_YOUR OBJECTIVE:_ Your copy of the listing should be exact and should contain no pictures.

_INFORMATION SUPPLIED:_
__________________________________________________

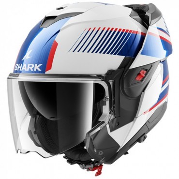 - aree riflettenti sul deflettore del vento, sul cuscinetto del collo, sulla guarnizione della visiera e sugli adesivi del casco per una migliore visibilità durante la guida con la sezione del mento aperta e chiusa
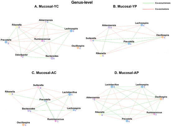 Mucosal genus-level co-occurrence has shown 8 nodes and 17 associations (7 co-occurrences and 10 co-exclusions) in M-YC (Figure 8A), and 6 nodes and 13 associations (5 co-occurrences and 9 co-exclusions) in M-YP (Figure 8B). In the M-AC (Figure 8C), we observed 8 nodes and 17 associations (6 co-occurrences and 11 co-exclusions), while the M-AP (Figure 8D) had 7 nodes and 18 associations (9 co-occurrences and 9 co-exclusions). Unlike fecal samples, we also found Lactobacillus taxon in M-AC (2 co-occurrences and 3 co-exclusions) but not in M-YC. Post-DDS-1 supplementation, the Lactobacillus taxon was only found in M-AP (4 co-occurrences and 2 co-exclusions) (Table 1 and Table S3).
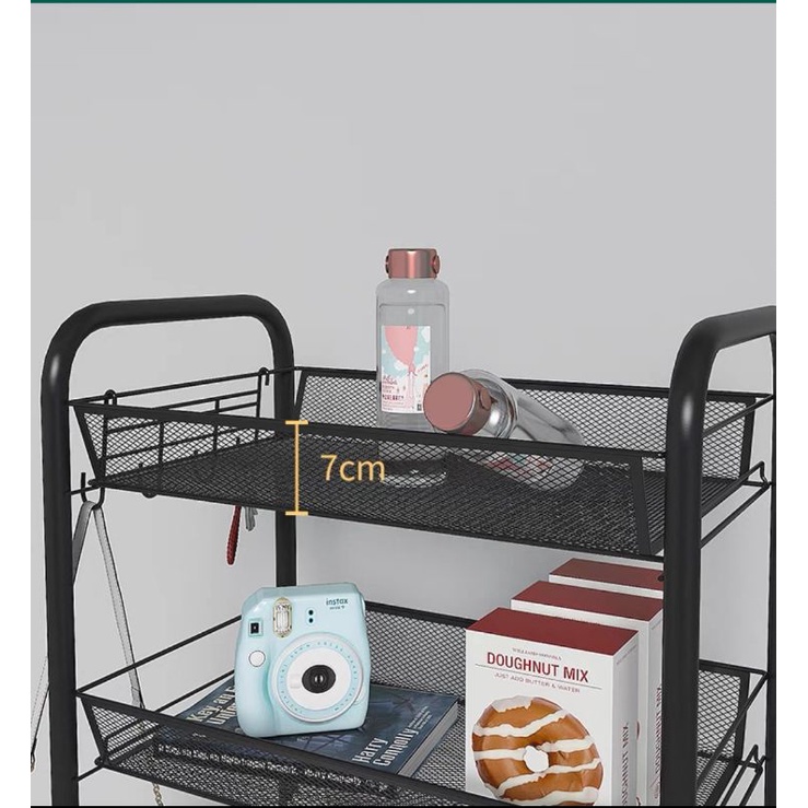 *SG In-stock* Kitchen Pushing Cart Basket Tray Trolley 4 Tier Storage Cart Multifunction Black White
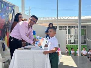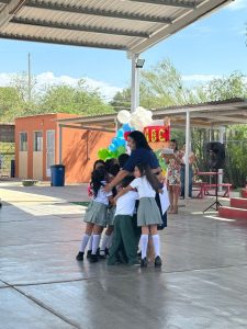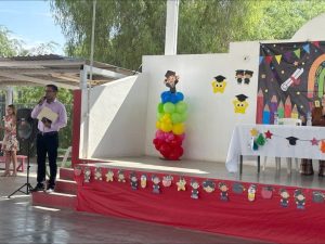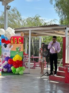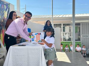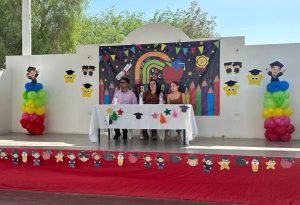 Durante el evento, compartió un mensaje de felicitación por parte del presidente municipal, reconociendo el esfuerzo de las niñas y niños graduados, así como el compromiso de sus maestras, maestros y familias. También los exhortó a seguir acompañando a estos pequeños en cada paso de su formación académica.

__________________________________________________

_EXERCISE OUTPUT:_
 - aree riflettenti sul deflettore del vento, sul cuscinetto del collo, sulla guarnizione della visiera e sugli adesivi del casco per una migliore visibilità durante la guida con la sezione del mento aperta e chiusa
 Mucosal genus-level co-occurrence has shown 8 nodes and 17 associations (7 co-occurrences and 10 co-exclusions) in M-YC (Figure 8A), and 6 nodes and 13 associations (5 co-occurrences and 9 co-exclusions) in M-YP (Figure 8B). In the M-AC (Figure 8C), we observed 8 nodes and 17 associations (6 co-occurrences and 11 co-exclusions), while the M-AP (Figure 8D) had 7 nodes and 18 associations (9 co-occurrences and 9 co-exclusions). Unlike fecal samples, we also found Lactobacillus taxon in M-AC (2 co-occurrences and 3 co-exclusions) but not in M-YC. Post-DDS-1 supplementation, the Lactobacillus taxon was only found in M-AP (4 co-occurrences and 2 co-exclusions) (Table 1 and Table S3).
 *SG In-stock* Kitchen Pushing Cart Basket Tray Trolley 4 Tier Storage Cart Multifunction Black White
 Durante el evento, compartió un mensaje de felicitación por parte del presidente municipal, reconociendo el esfuerzo de las niñas y niños graduados, así como el compromiso de sus maestras, maestros y familias. También los exhortó a seguir acompañando a estos pequeños en cada paso de su formación académica.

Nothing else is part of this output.